Supplied data —

Segment Open

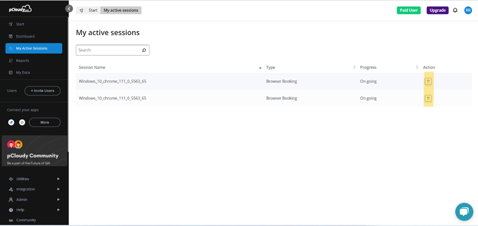 Now the mentioned browser from the capabilities will be acquired on Pcloudy and the scripts will be executed. You will be able to view the live session under My Active Sessions on Pcloudy portal.
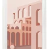 Grand Designs Print Oak Frame – A visually stunning architectural illustration featuring colourblocked archways in a warm, terracotta and clay toned colour palette. FRAMED ART: Giclee printed using archival inks and paper – which means no fading! Framed with a quality moulding and mounted behind museum grade plexiglass. Comes ready to hang.
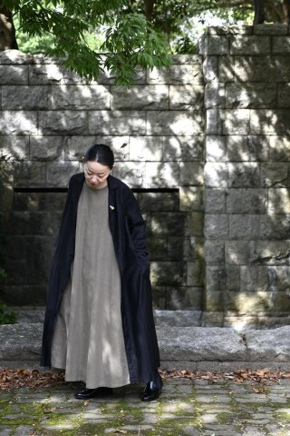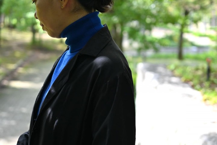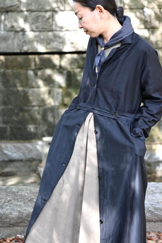 コートと言ってもシャツくらいの薄手素材ながら、たっぷりとした丈感と柔らかく育った生地が贅沢な一枚です。
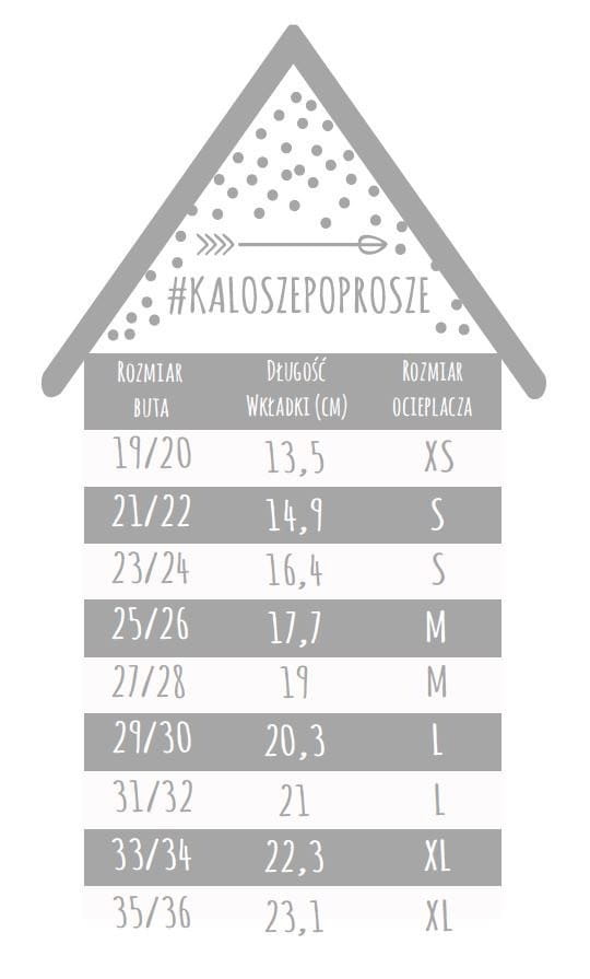 Dla przykładu, jeśli Twoje dziecko nosi buty innych marek w rozmiarze 21/22, to prawdopodobnie idealne dla niego będą kalosze o rozmiar mniejsze, czyli 19/20.

Segment Closed

What the task asks —
Extract the lines exactly, please: the first line of the listing, the line with "コートと言ってもシャツくらい", and every line between them, but no pictures.

Task result —
 Now the mentioned browser from the capabilities will be acquired on Pcloudy and the scripts will be executed. You will be able to view the live session under My Active Sessions on Pcloudy portal.
 Grand Designs Print Oak Frame – A visually stunning architectural illustration featuring colourblocked archways in a warm, terracotta and clay toned colour palette. FRAMED ART: Giclee printed using archival inks and paper – which means no fading! Framed with a quality moulding and mounted behind museum grade plexiglass. Comes ready to hang.
 コートと言ってもシャツくらいの薄手素材ながら、たっぷりとした丈感と柔らかく育った生地が贅沢な一枚です。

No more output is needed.